* EXERCISE DESCRIPTION:
Search for the word "rengøring" in the entries. Each line that holds it should be copied.

* SUPPLIED DATA:
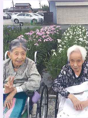
▲ 見事な菖蒲の花と記念撮影
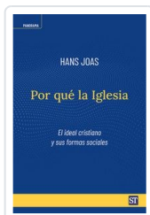
POR QUE LA IGLESIA JOAS, HANS
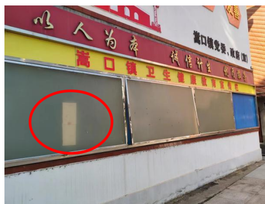
龙津镇、嵩口镇人民政府
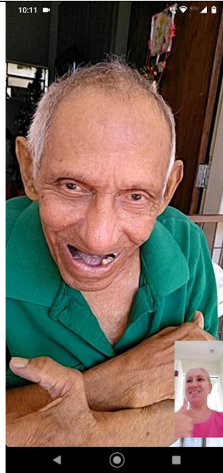
Realizada em 16/12/2022
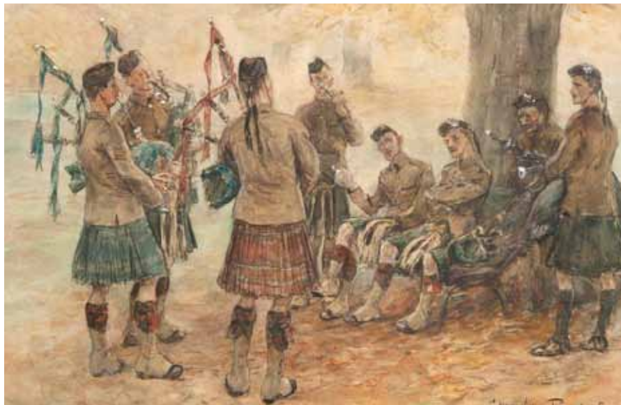
De Schotten in Clingendael 1918.

Op maandag 24 december 1917 vond er in Amsterdam weer een benefietvoorstelling plaats, deze keer voor krijgsgevangenen Serven. Hoynck tekende de omslag van het programmaboekje. [Afbeelding 15] Een maand later, op 21 januari 1918, vond er een tweede benefietvoorstelling
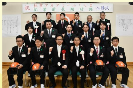
【5期生12名が入講しました】
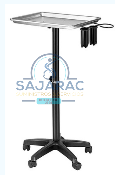
BANDEJA INSTRUMENTOS MEDICOS
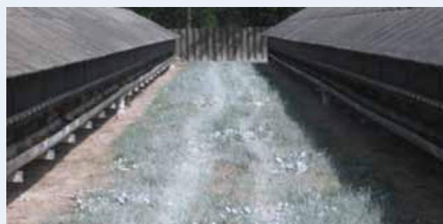
Kalkdesinficeret jord efter rengøring.

Plasmacytoseramte farme og pelserier pålægges offentligt tilsyn, herunder rengøring og desinfektion. Farmen skal desinficeres to gange med mindst en uges mellemrum. Rengøring og desinfektion skal godkendes af fødevareregionen. Der skal foreligge dokumentation for, hvilket middel der er benyttet til desinfektionen, udetemperaturen den dag, der blev desinficeret, påføringsmetode, samt navn på de personer, der udførte denne.
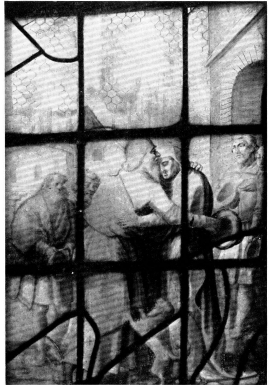
AFB. 3. P. COUWENHORN. DE ONTMOETING VAN JOACHIM EN ANNA AAN DE GOUDEN POORT.
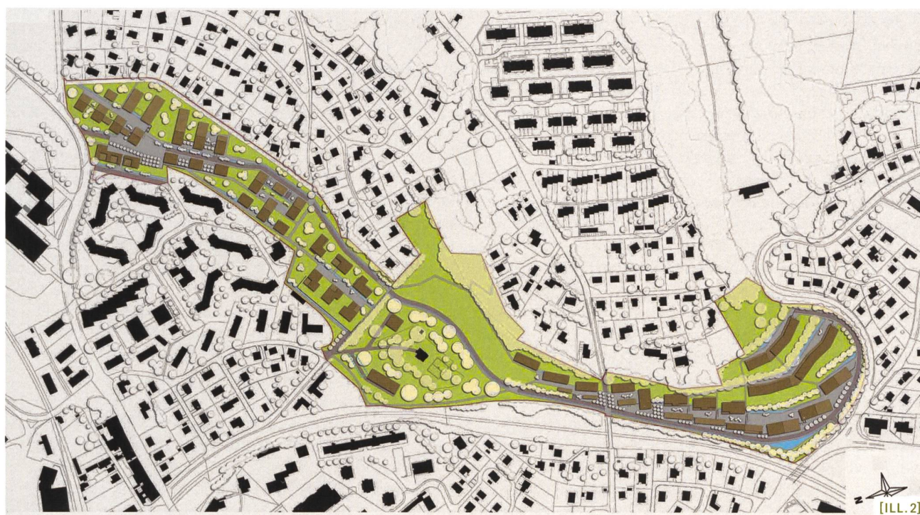
[ILL. 2] Plan de l'avant-projet des équipements Coteau-est (Syndicat Coteau-est); (Hüsler et Associés Sàrl, Lausanne).
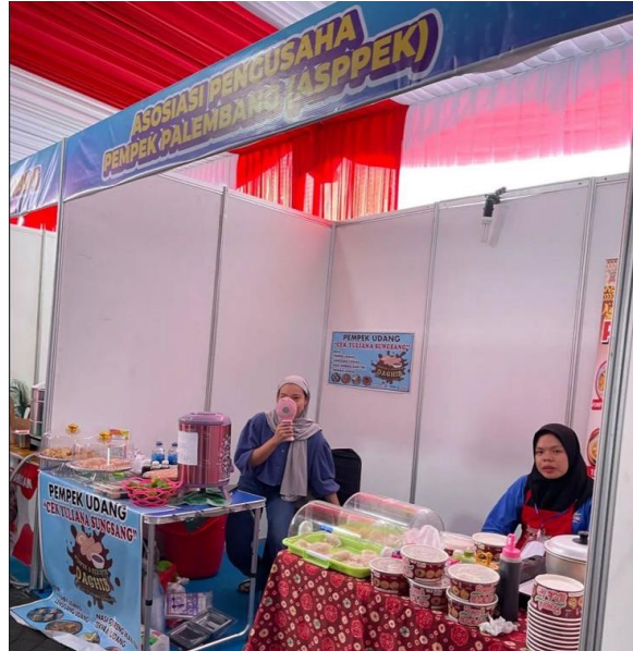
Gambar 4 UMKM saat pelaksanaan acara festival bidar tradisional
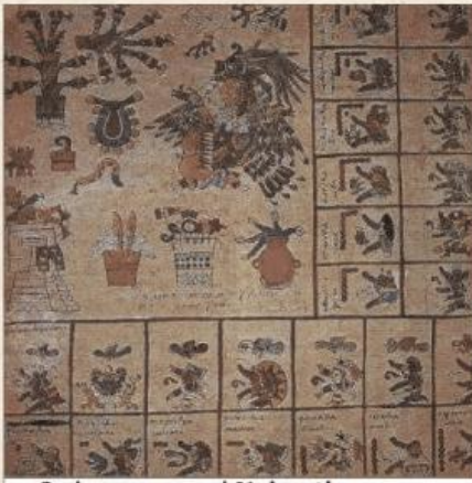
Su lengua era el Nahuatl.
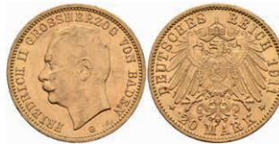
227 20 Mark, 1911, Friedrich II., kl. Kr. und Rf., vz. J. 192 300,—
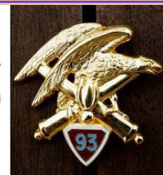
93° RAM– Varcès
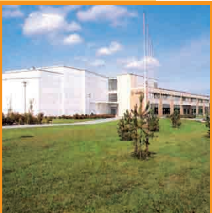
LE CENTRE DE TECHNOLOGIE DE PRIPOLI, RECONNU POUR SON EXCELLENCE.

L' histoire de Pori remonte à 1558, année où le Duc de Finlande Juhana (fils du roi Gustave de Suède) décida de créer une importante ville de commerce sur le littoral du golfe de Botnie. Depuis l'indépendance de la Finlande en 1917, Pori s'est développée jusqu'à devenir une ville industrielle et portuaire de premier plan ainsi qu'un important pôle universitaire.
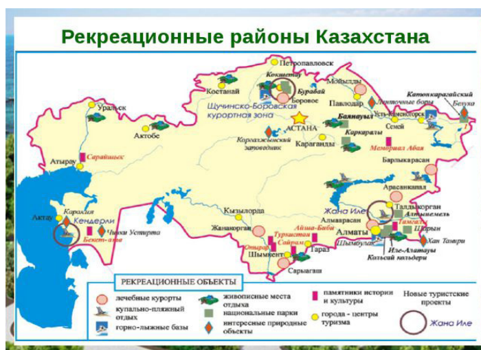
2-сурет – Қазақстанның негізгі рекреациялық аудандары (Плохих 2011)

Туризмнің дамуы рекреациялық аймақтардың
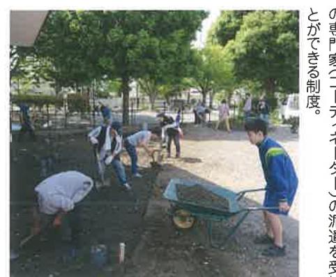
外構舗装には地域住民も参加して、土堀りやならしを行った。
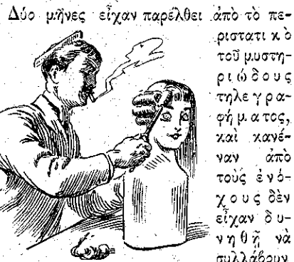
«Περνοῦσε τῆς ὥρας τῆς σχολῆς του κατασκευάζων περρουδίες...» (Σελ. 56, στ. α')

Δύο μῆνες εἶχαν παρελθεῖ ἀπὸ τὸ περιστατι κὸ τοῦ μυστηριώδους τηλεγραφήματος, καὶ κανέναν ἀπὸ τοὺς ἐνόχους δὲν εἶχαν δυνήθῃ νὰ συλλάβουν.
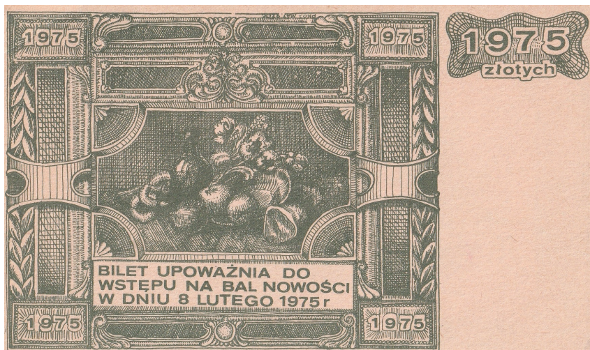
Fot. 10. Maks Szoc, projekt zaproszenia na bal „Nowości” 8 lutego 1975, awers
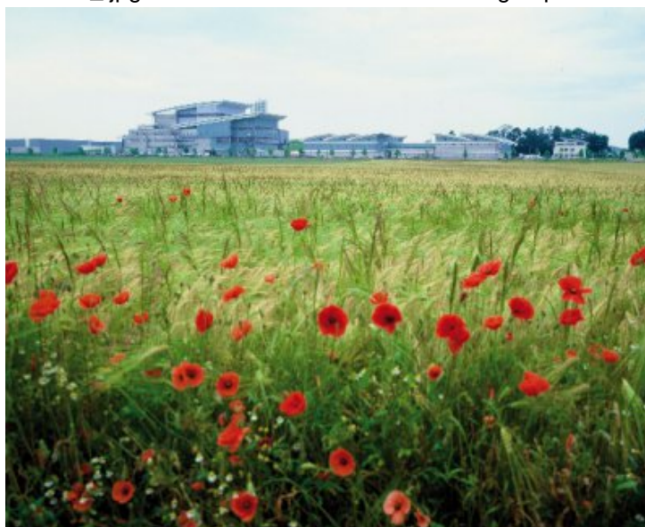
L'usine de valorisation énergétique
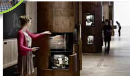
Für fünf Tiroler Landesmuseen gibt es ein Ticket
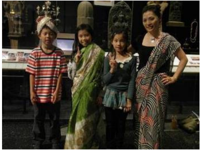
靖娟基金會-福安兒童共有 14 名師生 參與活動，上圖為學生穿著印度服飾與館員 合影
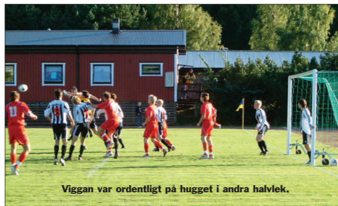
Viggan var ordentligt på hugget i andra halvlek.

Viggan trycker på hårt nu och i den 37:e så gör Viksjö
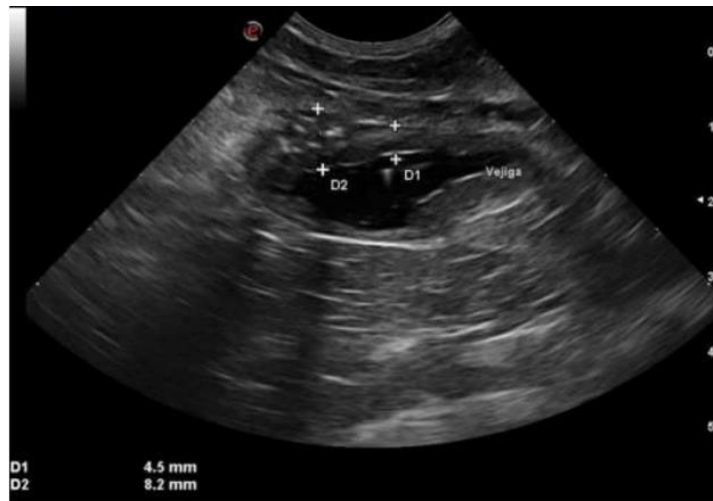
Imagen 6. Ecografía control, engrosamiento de la pared vesical sin presencia de litos caso clínico 1
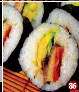
AVOCADO & BBQ EEL SUSHI 86 アボカドと 鰻蒲焼寿司 8P/$10.80
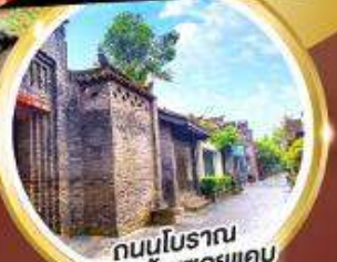
ถนนโบราณ ซอยกว้างชอยแคบ

* YOUR RESPONSE:
Kalkdesinficeret jord efter rengøring.
Plasmacytoseramte farme og pelserier pålægges offentligt tilsyn, herunder rengøring og desinfektion. Farmen skal desinficeres to gange med mindst en uges mellemrum. Rengøring og desinfektion skal godkendes af fødevareregionen. Der skal foreligge dokumentation for, hvilket middel der er benyttet til desinfektionen, udetemperaturen den dag, der blev desinficeret, påføringsmetode, samt navn på de personer, der udførte denne.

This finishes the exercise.